One could argue, Tegmark points out, that what we really have now is Life 2.1, inasmuch as our software has enabled us to redesign some of our hardware in the form of such things as artificial limbs, joints and pacemakers.

But all that is nothing compared to what Tegmark describes as Life 3.0.  That is the stage in which the software becomes smart enough to completely redesign its hardware and, just for kicks, smart enough to build it, too.  In that future, Tegmark says, life is finally the "...master of its own destiny, free from its evolutionary shackles."

Ah, you say, this is nuts, Tegmark just went off the deep end.  Do you really think so?  Artificial intelligence programs have now been developed that are capable of writing artificial intelligence programs.  These programs are given a goal and the capability of learning whatever they have to learn to accomplish that goal.  Programs of this sort are coming up with designs for achieving these goals that no human has ever thought of.  This is not the future; this is now.

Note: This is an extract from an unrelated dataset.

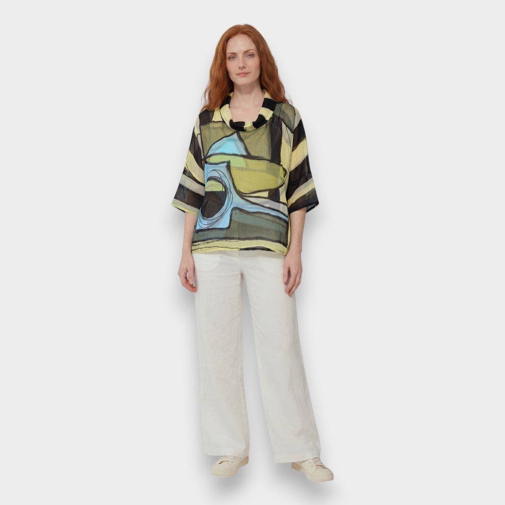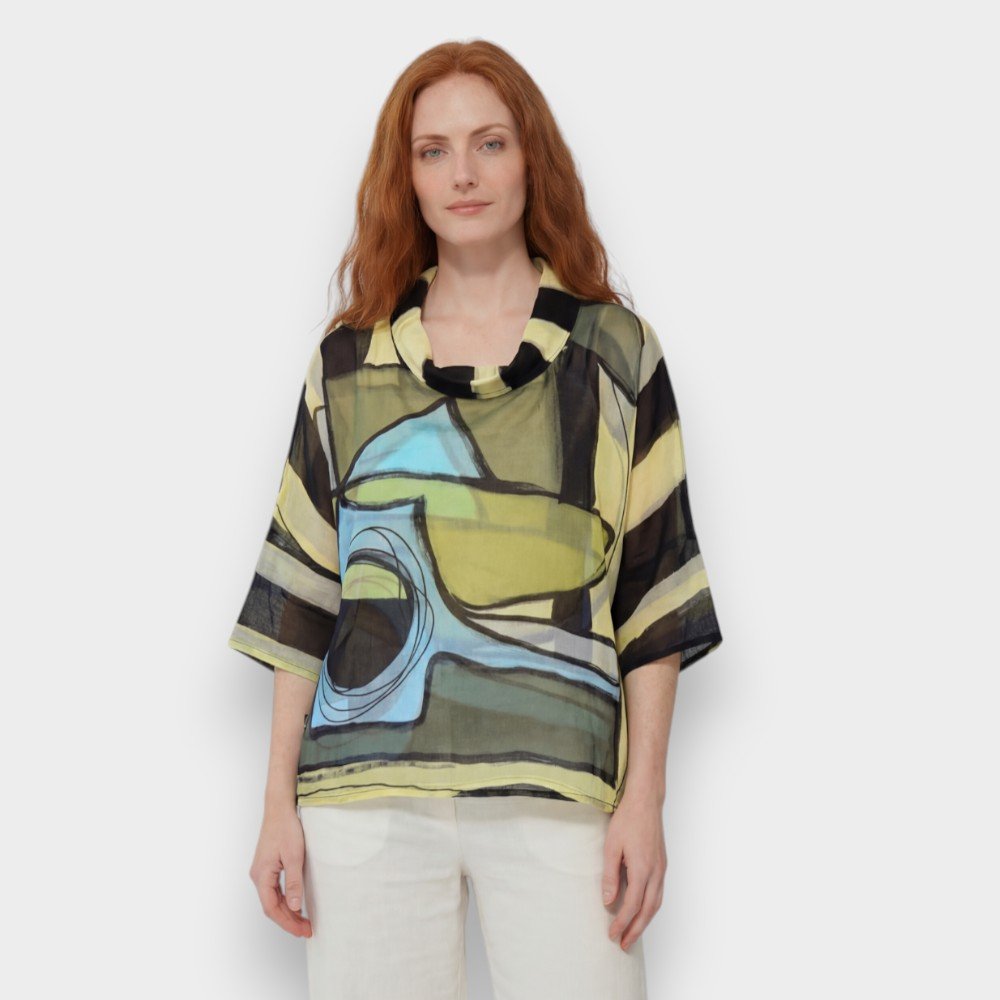 Woman Blouse Turtle Neck - Green : Abstract black and green stripes

These musings lead Tegmark to an interesting question.  What, exactly, is human consciousness?  This is not a new question.  It is as old as philosophy.  But in this context of intelligent systems design, it takes on a new twist.  Military robots are being built today that are capable of making their own decisions about who to kill and who not to kill.  Is it ethical to kill a robot and, if so, under what circumstances?  What an absurd question, you say.  The thing is only metal and plastic and electrical circuits.  Of course it is OK to kill a robot, whether or not it is chasing you down with a murderous glint in its eye.

But what if that robot has emotions?  That's ridiculous, you say.  Robots don't have emotions. 

But there are artificial intelligence researchers at work right now who are working to enable robots to detect and respond to human emotions and, in time, it is quite likely that it will be impossible to distinguish their reactions to those of humans who have emotions.  It may be up to us to determine whether Life 3.0 has emotions.  Or maybe not.  Maybe the machines that design Life 3.0 will make that decision.

Do I have you yet?  Will you buy the book?  I have only given you a little taste of what is in it.